In Us: another look at youth – Actus Ciné

In us: another look at youth - actus ciné

With “In Us”, the filmmaker Régis Sauder finds the students he had followed in 2011 to appreciate the life course of each one and paint the portrait of an intelligent French youth and the eyes wide open on the world.

HelloCine: In U.S is the sequel to We Princesses of Clevesreleased on screens in 2011. When did you have the idea of ​​composing this diptych?

Regis Sauder : The idea germinated little by little. I’ve always kept in touch with the young people filmed on the occasion of this first film and it’s in a way they were the ones who launched the signal for this reunion. 10 years is a crucial period, founding of a life, between 20 and 30 years.

Many things had happened to them on the family, emotional and professional level. And for us, the past 10 years have been politically charged. I wanted to tell the story and see how these young people had succeeded or not in finding a place in this ever more unequal and violent society.

What struck you the most in the evolution of the students you find here?

It is undoubtedly their courage, their ability to overcome the many obstacles they have had to face, without violence. They have a very specific look at the society around them and the place it reserves for them, its ability to welcome them.

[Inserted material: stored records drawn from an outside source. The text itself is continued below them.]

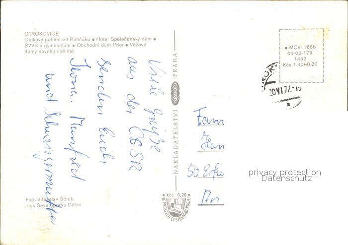 old postcard Otrokovice Hotel Spolecensky dum SVVS gymnasium postalisch gelaufen Erhaltung siehe scans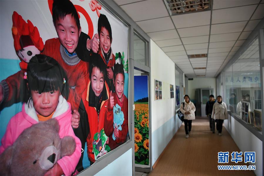 俊俊在看属于自己的卡通形象(2013年11月27日摄)。他的卡通形象由协会老师根据他的特征而绘制。 新华社记者刘军喜摄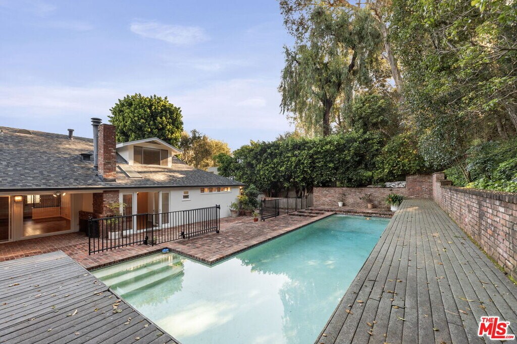 Located just above Sunset Boulevard on one of Brentwood's most desirable cul-de-sac streets, this traditional residence offers exceptional privacy, space, and comfort. Set wide on the lot, the home allows for natural flow and separation ideal for families, guests, and entertaining, with plenty of room for everyone to spread out. This spacious home features 5 bedrooms and 5.5 bathrooms, with each bedroom offering its own en-suite bath. Two upstairs bedroom suites are thoughtfully positioned on opposite sides of the home perfect for guest quarters, exercise room, or home office. The expansive primary includes a sitting area, fireplace, and French doors opening to a private rear patio with outdoor fireplace creating a peaceful retreat. Designed for easy living and entertaining, the home offers a large open living room, formal dining room, and adjacent family room with fireplace off the kitchen. The kitchen features a center island, abundant storage, and space for an eat-in breakfast table. Additional highlights include refinished hardwood floors, wood-beamed ceilings, new washer and dryer, new A/C, and four fireplaces located in the living room, den, primary bedroom, and outdoor patio. The private backyard has great tall trees with a fenced pool and spa, brick patio, grassy yard area, and mature landscaping throughout. Enjoy excellent walkability into Brentwood and Brentwood Park plus easy access to mountain biking and hiking, along with nearby Dog Park perfect for active lifestyles and pet lovers alike. Additional amenities include Tesla charger availability and placement within the Kenter Canyon School district. MLS# 26654621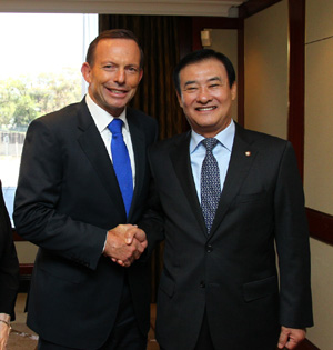 Åä´Ï ¾Ö¹þ ÃѸ®´Â ÇöÀç ¼­¸íÀ» ÃßÁø ÁßÀÎ ¾ç±¹ FTA¿Í °ü·ÃÇÏ¿© ¡°¼­¿ï ¹æ¹® ½Ã ÇÑ-È£ÁÖ FTA°¡ ¼­¸íµÉ ¼ö Àֱ⸦ ±â´ëÇÑ´Ù¡±¸ç ³²Àº ÀýÂ÷¿¡ ´ëÇÑ ±¹È¸ÀÇ °ü½É°ú Çù·ÂÀ» ´çºÎÇß´Ù.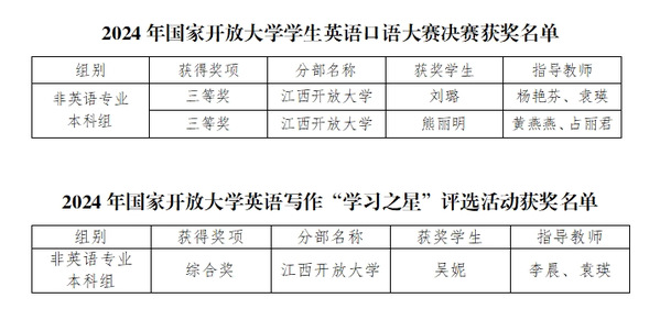 近日,国家开放大学揭晓两项活动评选结果,beat365共斩获三个奖项,充分展现了beat365开放教育学生扎实的知识储备和良好的精神风貌。在英语口语大赛决赛中,新余开放大学学生刘璐、抚州开放大学学生熊丽明荣获非英语专业本科组三等奖,新余开放大学教师杨艳芬、袁瑛,抚州开放大学教师黄燕燕、占丽君获优秀指导教师奖。在英语写作“学习之星”评选活动中,新余开放大学学生吴妮获非英语专业本科组综合奖,新余开放大学教师李晨、袁瑛获优秀指导教师奖。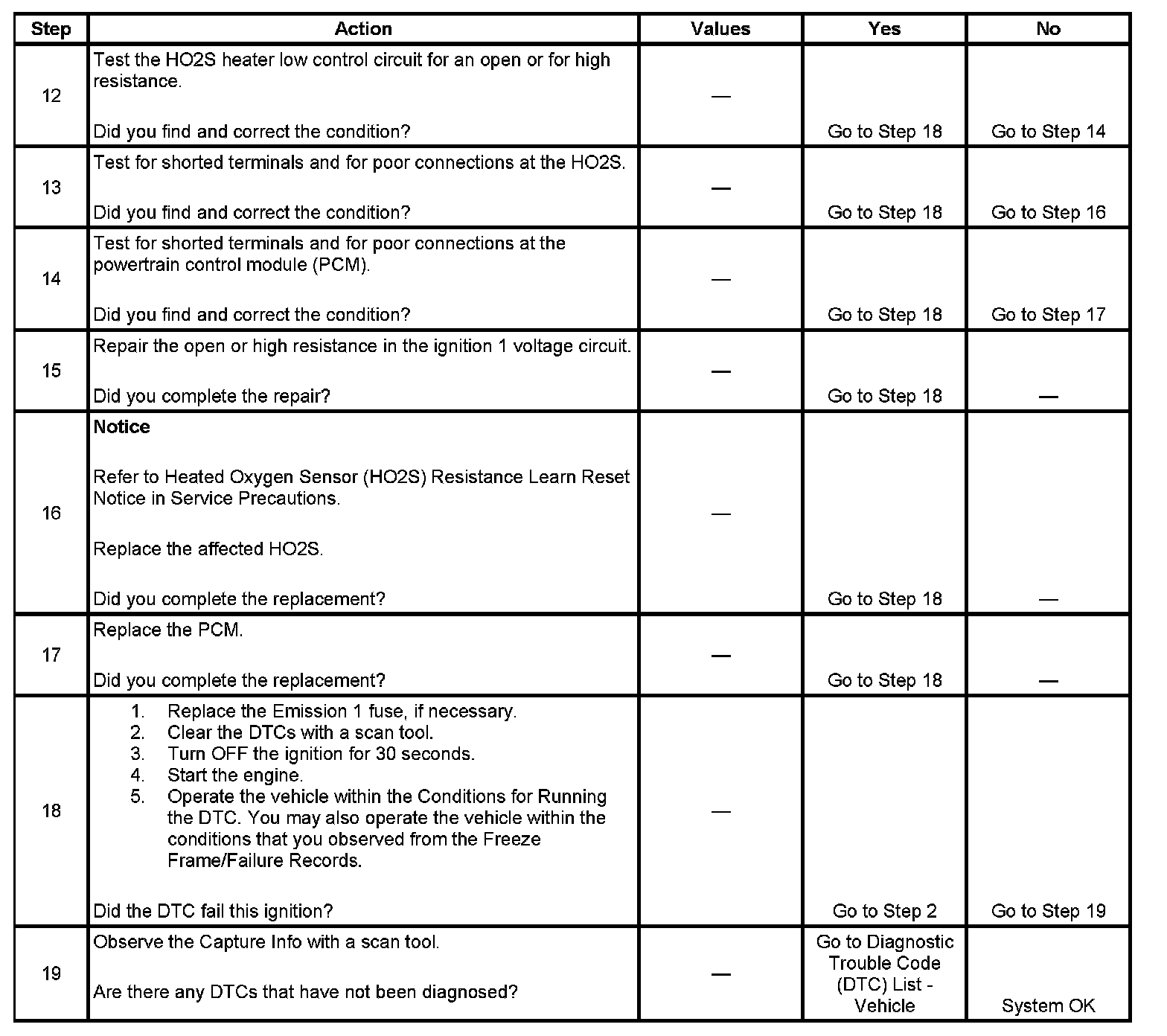 Heated oxygen sensors (HO2S) are used for fuel control and post catalyst monitoring. Each HO2S compares the oxygen content of the surrounding air with the oxygen content in the exhaust stream. The HO2S must reach operating temperature to provide an accurate voltage signal. A heating element inside the HO2S minimizes the time required for the sensor to reach operating temperature. Voltage is provided to the heater by the ignition 1 voltage circuit through a fuse. With the engine running, ground is provided to the heater by the HO2S heater low control circuit, through a low side driver within the powertrain control module (PCM).

It’s interesting to listen to them, because they have a modern reading of the world around us. Some have left Marseille, others have built their lives there, but all have made a social trip, they are sort of class defectors, but they don’t forget where they come from.

How did you view the youth of 2011? And on the youth of 2021?

It’s not my look that counts, my position is one of empathy. What matters is to make visible this part of youth that we never see, that is never represented. To make room for it to listen to it and look at it in its immense beauty. We shed light on the very minority proportion who have chosen violence to express their anger, but we never look at the vast majority of young people who decide to make another choice.

These young people, by their professional and political choices, have decided to be on the same level in society, to choose for many public service because these are their values. I find that once again courageous and remarkable. I am very admiring and they give me a lot of hope for the future. They are our future.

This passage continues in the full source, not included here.